In my testing I found that using arping is pretty reliable?—?the hosts were discovered properly and it didn’t take too long to find a free IP.

I built an RPM with this patch for Fedora 20, you can , if you want to give it a try.

After installing the patched Docker you should be able to run containers just like you’re used to:

docker run -i -t centos:latest /bin/bash

Option 2: Manual address assignment

Sometimes patching Docker is not an option.

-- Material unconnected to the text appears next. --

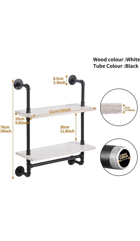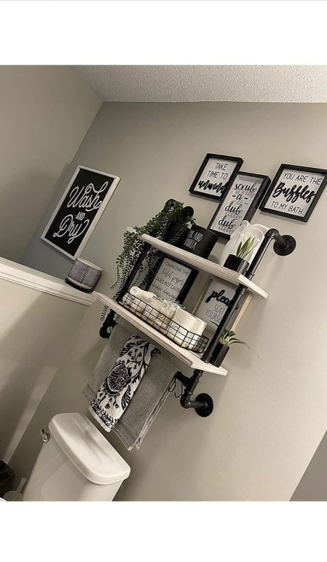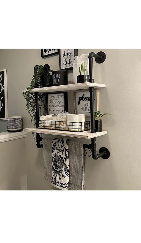 Industrial Pipe Floating Shelves - 20" w-Solid Wood Planks and Towel Bar-Rustic

This is where assigning IP addresses manually makes sense. Since Docker does not expose the ability to assign a selected IP directly to the docker run command?—?we need to do this in two steps:

  1. Disable the automatic network configuration in Docker by specifying -n=false,

  2. Configure networking using the LXC configuration using -lxc-conf

Example

This is how it could be done:

docker run \-n=false \-lxc-conf="lxc.network.type = veth" \-lxc-conf="lxc.network.ipv4 = 172.16.42.20/24" \-lxc-conf="lxc.network.ipv4.gateway = 172.16.42.1" \-lxc-conf="lxc.network.link = docker0" \-lxc-conf="lxc.network.name = eth0" \-lxc-conf="lxc.network.flags = up" \-i -t centos:latest /bin/bash

This will run a CentOS container with networking set up as follows:

  • Create a virtual ethernet interface

  • Attach this interface to the docker0 bridge

  • Expose it in the container as eth0

  • Assign the 172.16.42.20 IP to the interface

  • Set up the default gateway as 172.16.42.1

If you want to run multiple containers on one host, the only thing you’ll change is the IP address?—?everything else can be left as-is.

Expected result

If you followed the tutorial (no matter which option you choose)?—?you should be able to run containers on both hosts. Containers should be attached to the same network and be able to ping each other. Additionaly no IP address conflicts should happen.

Win!

Troubleshooting

If you encounter some problems?—?you need to check the configuration.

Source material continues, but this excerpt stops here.